Task item: In the entries below, begin at the line that has "Ten model został" and stop after the line that has "Q: How durable"; output those lines exactly, leaving out pictures.

Record set:
* * * * *

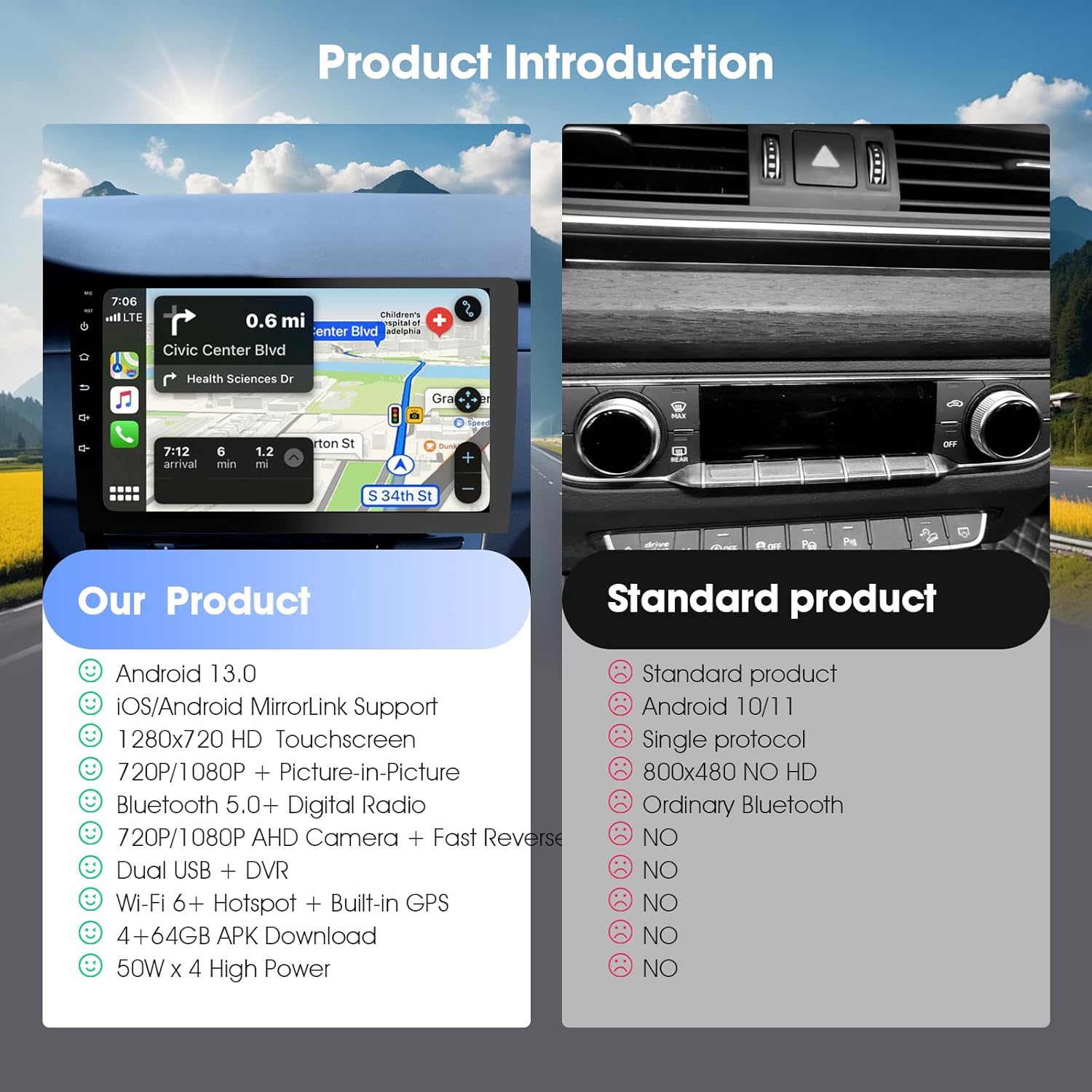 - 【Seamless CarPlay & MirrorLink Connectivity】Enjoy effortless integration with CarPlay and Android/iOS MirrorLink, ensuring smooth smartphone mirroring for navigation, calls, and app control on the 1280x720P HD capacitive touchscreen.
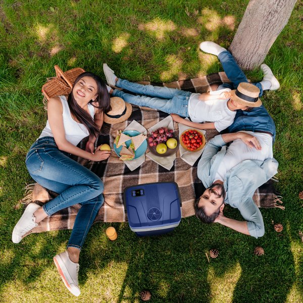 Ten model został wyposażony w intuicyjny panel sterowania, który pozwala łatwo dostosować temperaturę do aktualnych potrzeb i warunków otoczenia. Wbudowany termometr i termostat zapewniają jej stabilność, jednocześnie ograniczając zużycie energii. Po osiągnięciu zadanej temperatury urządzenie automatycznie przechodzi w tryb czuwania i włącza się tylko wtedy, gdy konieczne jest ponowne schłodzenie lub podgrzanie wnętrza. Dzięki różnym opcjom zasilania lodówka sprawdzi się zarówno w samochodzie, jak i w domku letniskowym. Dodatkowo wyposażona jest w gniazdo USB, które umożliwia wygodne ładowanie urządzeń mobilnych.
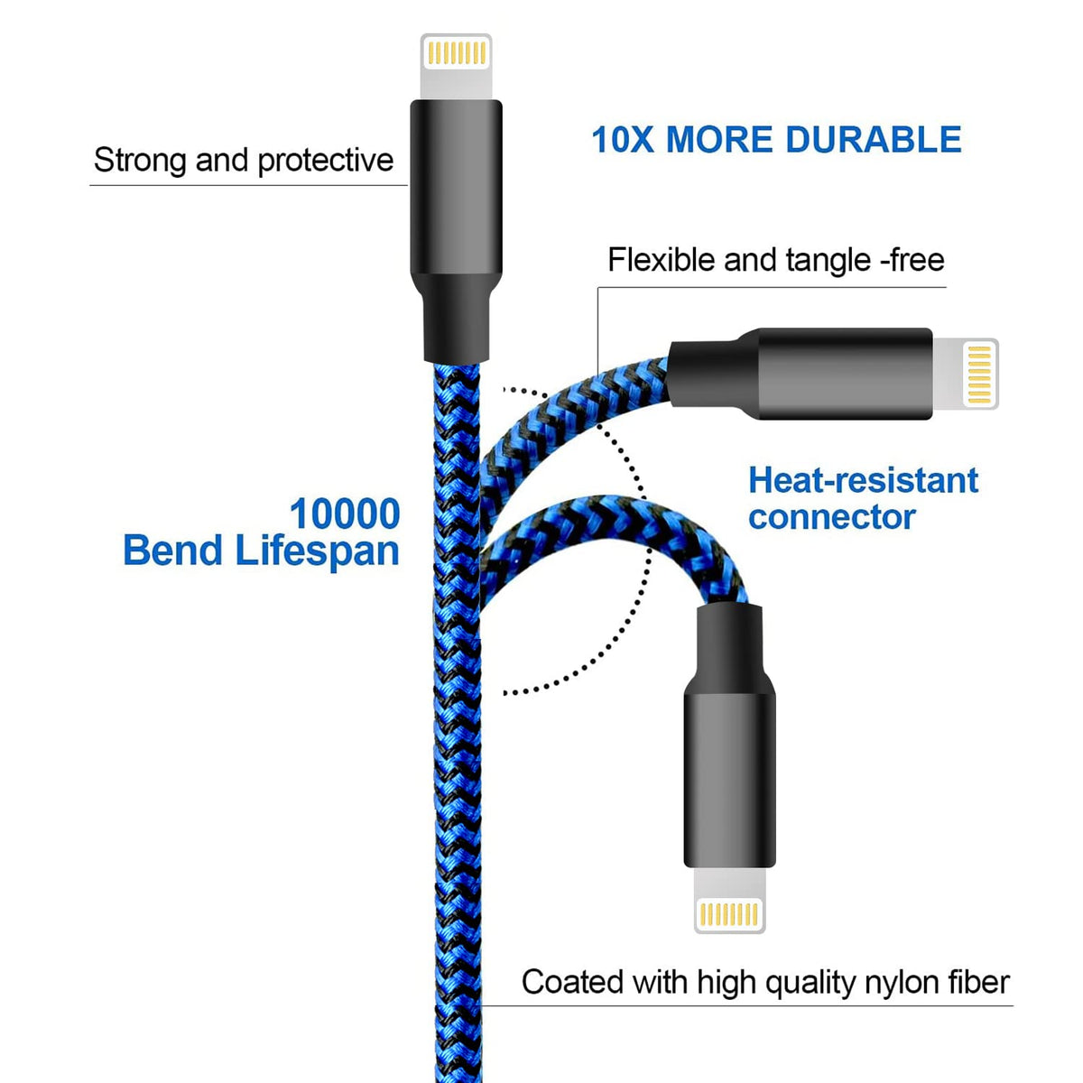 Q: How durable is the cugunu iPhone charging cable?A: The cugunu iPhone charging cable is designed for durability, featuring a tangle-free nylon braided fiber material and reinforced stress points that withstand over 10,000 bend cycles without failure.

* * * * *

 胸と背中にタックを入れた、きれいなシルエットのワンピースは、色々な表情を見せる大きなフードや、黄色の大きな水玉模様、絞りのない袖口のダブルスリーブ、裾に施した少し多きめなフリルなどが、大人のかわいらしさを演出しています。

* * * * *

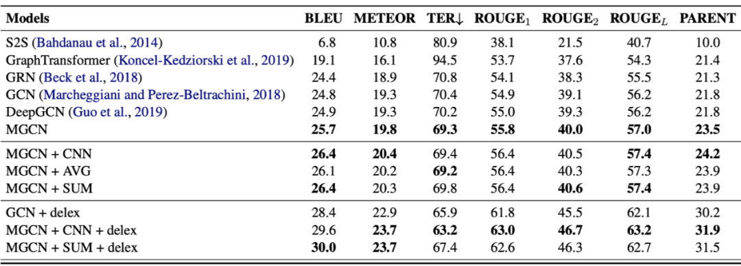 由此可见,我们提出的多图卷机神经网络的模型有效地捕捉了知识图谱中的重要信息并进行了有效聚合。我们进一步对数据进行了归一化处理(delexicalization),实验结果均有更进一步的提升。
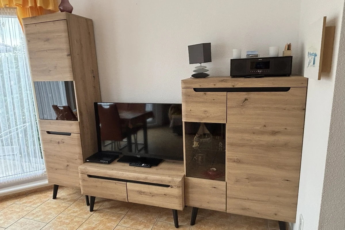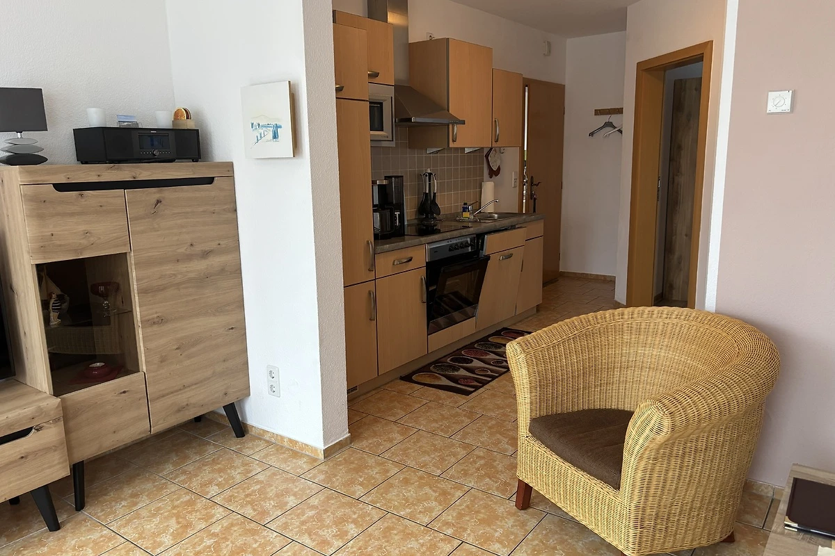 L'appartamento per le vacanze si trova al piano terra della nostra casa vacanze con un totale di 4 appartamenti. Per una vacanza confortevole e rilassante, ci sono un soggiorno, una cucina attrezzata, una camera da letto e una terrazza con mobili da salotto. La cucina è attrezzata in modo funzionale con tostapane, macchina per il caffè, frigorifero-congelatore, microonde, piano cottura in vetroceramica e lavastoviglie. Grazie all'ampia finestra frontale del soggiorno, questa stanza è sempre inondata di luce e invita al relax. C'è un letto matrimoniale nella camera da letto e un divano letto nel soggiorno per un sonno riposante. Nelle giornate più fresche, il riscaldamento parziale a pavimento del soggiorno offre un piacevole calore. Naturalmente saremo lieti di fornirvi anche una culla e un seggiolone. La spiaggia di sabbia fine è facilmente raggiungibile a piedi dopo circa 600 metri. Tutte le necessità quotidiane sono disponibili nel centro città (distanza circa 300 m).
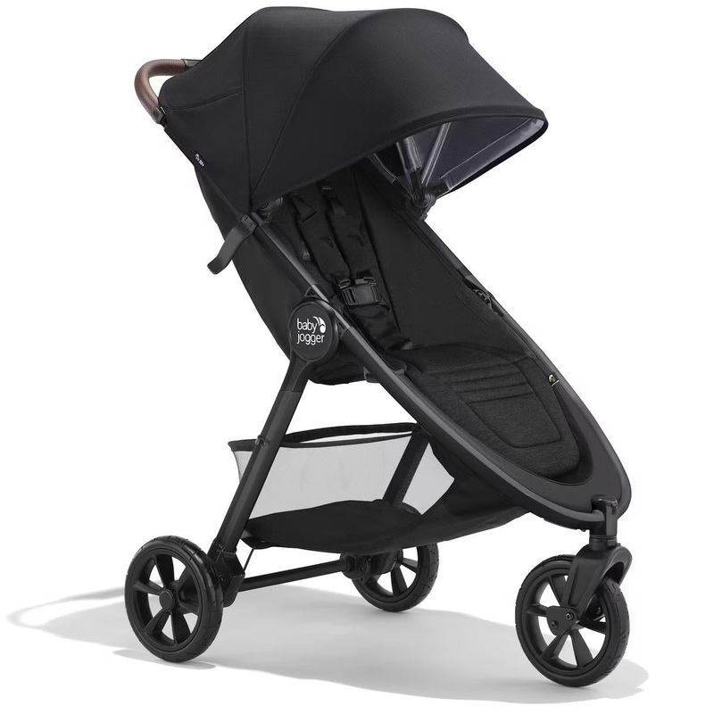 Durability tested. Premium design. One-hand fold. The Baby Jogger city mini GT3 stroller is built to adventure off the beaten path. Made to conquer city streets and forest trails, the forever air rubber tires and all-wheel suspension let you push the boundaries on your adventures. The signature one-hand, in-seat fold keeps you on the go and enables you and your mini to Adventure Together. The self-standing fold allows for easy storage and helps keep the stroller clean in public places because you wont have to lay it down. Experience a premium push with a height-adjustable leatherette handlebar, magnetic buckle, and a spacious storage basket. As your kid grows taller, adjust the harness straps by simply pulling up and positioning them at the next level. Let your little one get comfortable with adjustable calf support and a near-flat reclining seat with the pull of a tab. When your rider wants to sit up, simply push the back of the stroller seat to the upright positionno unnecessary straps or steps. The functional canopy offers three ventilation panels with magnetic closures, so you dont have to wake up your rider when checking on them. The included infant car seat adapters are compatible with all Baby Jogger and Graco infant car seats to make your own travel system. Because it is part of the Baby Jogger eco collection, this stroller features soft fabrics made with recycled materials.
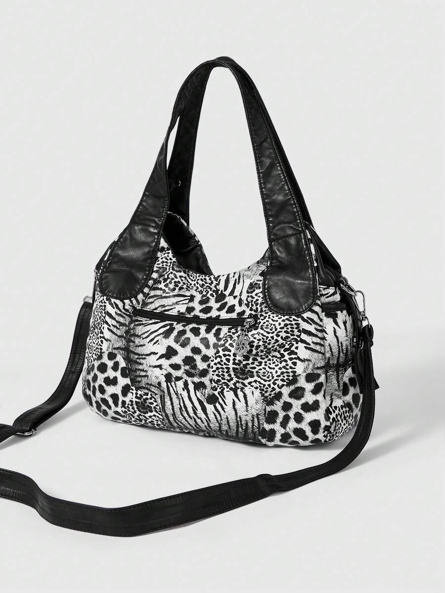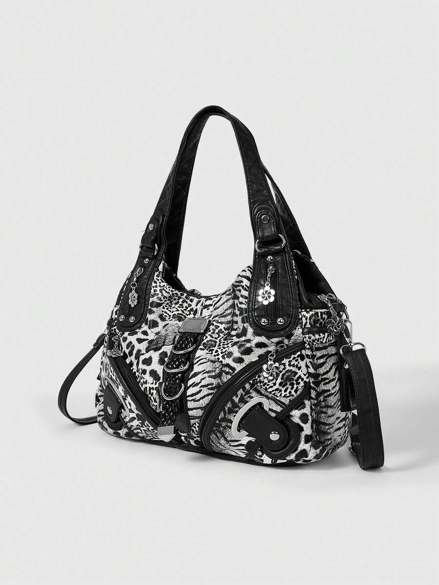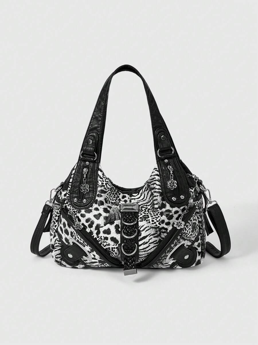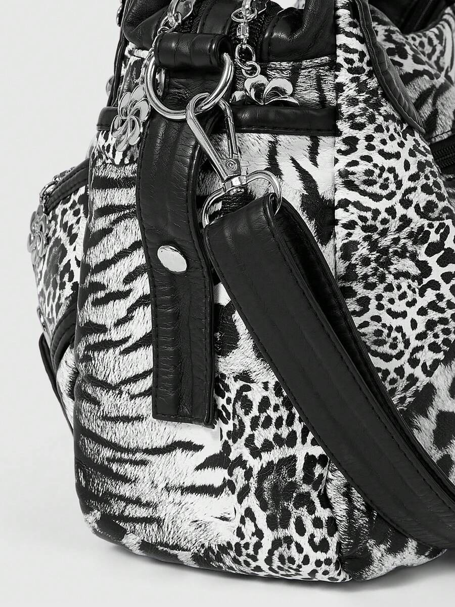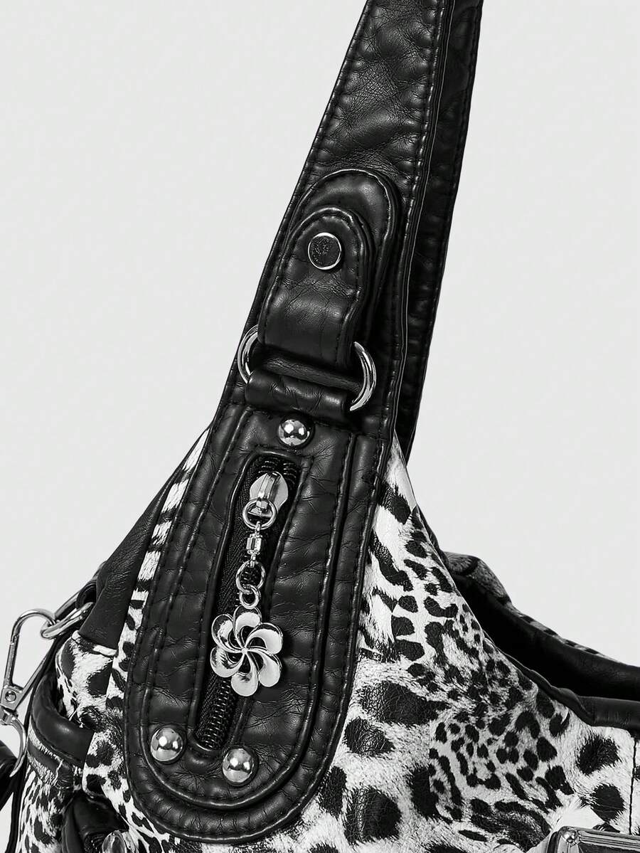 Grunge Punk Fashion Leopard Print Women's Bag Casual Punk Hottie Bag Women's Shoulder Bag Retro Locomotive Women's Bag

* * * * *

Output of the exercise:
 Ten model został wyposażony w intuicyjny panel sterowania, który pozwala łatwo dostosować temperaturę do aktualnych potrzeb i warunków otoczenia. Wbudowany termometr i termostat zapewniają jej stabilność, jednocześnie ograniczając zużycie energii. Po osiągnięciu zadanej temperatury urządzenie automatycznie przechodzi w tryb czuwania i włącza się tylko wtedy, gdy konieczne jest ponowne schłodzenie lub podgrzanie wnętrza. Dzięki różnym opcjom zasilania lodówka sprawdzi się zarówno w samochodzie, jak i w domku letniskowym. Dodatkowo wyposażona jest w gniazdo USB, które umożliwia wygodne ładowanie urządzeń mobilnych.
 Q: How durable is the cugunu iPhone charging cable?A: The cugunu iPhone charging cable is designed for durability, featuring a tangle-free nylon braided fiber material and reinforced stress points that withstand over 10,000 bend cycles without failure.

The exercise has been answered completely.